5. Russlands Bereitschaft zu Verhandlungen ohne Vorbedingungen kann daher nur mit Waffen, Munition und durch starken ukrainischen Widerstand erreicht werden. Anders geht es leider nicht. Dabei muss es die Ukraine natürlich versuchen, so viele in Besatzung lebende Menschen zu befreien wie es nur geht. Denn übermorgen, wenn nicht schon morgen oder gar heute, werden diese Menschen in die russische Armee eingezogen und auf Ukrainer schießen. Das ist viel wichtiger als bloße Territorien. Jedenfalls wird es womöglich Jahre dauern, bis Moskau jegliche wirkliche Bereitschaft zeigt. Das ist die bittere Realität.

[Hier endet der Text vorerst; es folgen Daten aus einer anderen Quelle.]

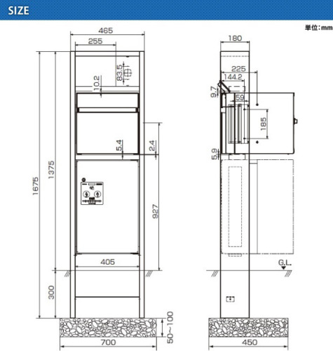 上段には郵便ポスト、下段には宅配ボックスを設置

Deswegen muss man Russland gemeinsam und entschieden die Grenzen aufzeigen: Hier geht es nicht weiter - und es wird auch nicht weitergehen. 6. Die ukrainische Friedensformel muss richtig verstanden werden statt diese pauschal als unrealistisch abzustempeln und sie auszulachen. Zum einen basiert sie doch auf dem Völkerrecht - und es ist bei weitem nicht nur die Ukraine daran interessiert, dass dieses schwächlende Instrument nicht komplett ausstirbt. Zum anderen aber, und das hängt damit zusammen: Die Leute in der hiesigen Regierung sind sowieso wirklich nicht so dumm, um daran zu glauben, dass Russland diesen faktischen Kapitulationsbedingungen jemals zustimmt. Zumal fast die Hälfte der Punkte der Friedensformel eher mit der Architektur der globalen Sicherheit für die Zukunft zu tun haben als mit dem konkreten Krieg.
7. Deswegen gilt: Die Friedensformel ist eher keine Verhandlungsposition für Gespräche mit Russland, sondern das strategische Ziel, welches unter Umständen auch über die aktuellen Kampfhandlungen hinaus erreicht werden kann - in wie vielen Jahren auch immer. Doch es ist, wie gesagt, bei weitem nicht für die Ukraine enorm wichtig, dass es dieses strategische und absolut gerechte Ziel in derart klarer Form gibt. Die Wichtigkeit der Einhaltung des Völkerrechts geht deutlich über Kyjiw hinaus. Es ist auch absolut richtig, dass die Ukraine mit der Friedensformel hier die internationale Erzählung dominiert - und nicht irgendeine Scheininitative von draußen.
8. Der Entschluss des ukrainischen Sicherheitsrates vom Ende September 2022, der die Unmöglichkeit der Verhandlungen mit Wladimir Putin als Reaktion auf die Aufnahme von vier weiteren ukrainischen Gebieten in die russische Verfassung konstatiert (so ist es richtig und nicht "die Ukraine hat Verhandlungen mit Russland verboten"), ist in der Praxis recht egal. Es werden ohnehin nicht Selenskyj und Putin sein, die den Waffenstillstand irgendwann unterschreiben könnten. Es werden vielmehr politische Berater oder Generäle sein. Und es kann sogar so sein, dass letztlich nichts unterschrieben wird und eine waffenstillstandsähnliche Situation natürlicherweise entsteht.
9. Diplomatie ist wichtig - und alleine die Vereinbarung eines Waffenstillstandes wird an sich eine komplizierte Aufgabe sein. Wer wird diesen denn kontrollieren ist nur eine offensichtliche schwierige Frage von vielen. Ich bleibe aber dabei, dass das ganze Verhandlungsthema im Kern deutlich überschätzt wird. Denn: Die Ukraine wird nichts als russisch anerkennen, Russland wird nichts freiwillig abgeben. Der Raum für eine grundsätzliche Einigung ist einfach nicht da und wird wohl auch in ein paar Jahren nicht da sein.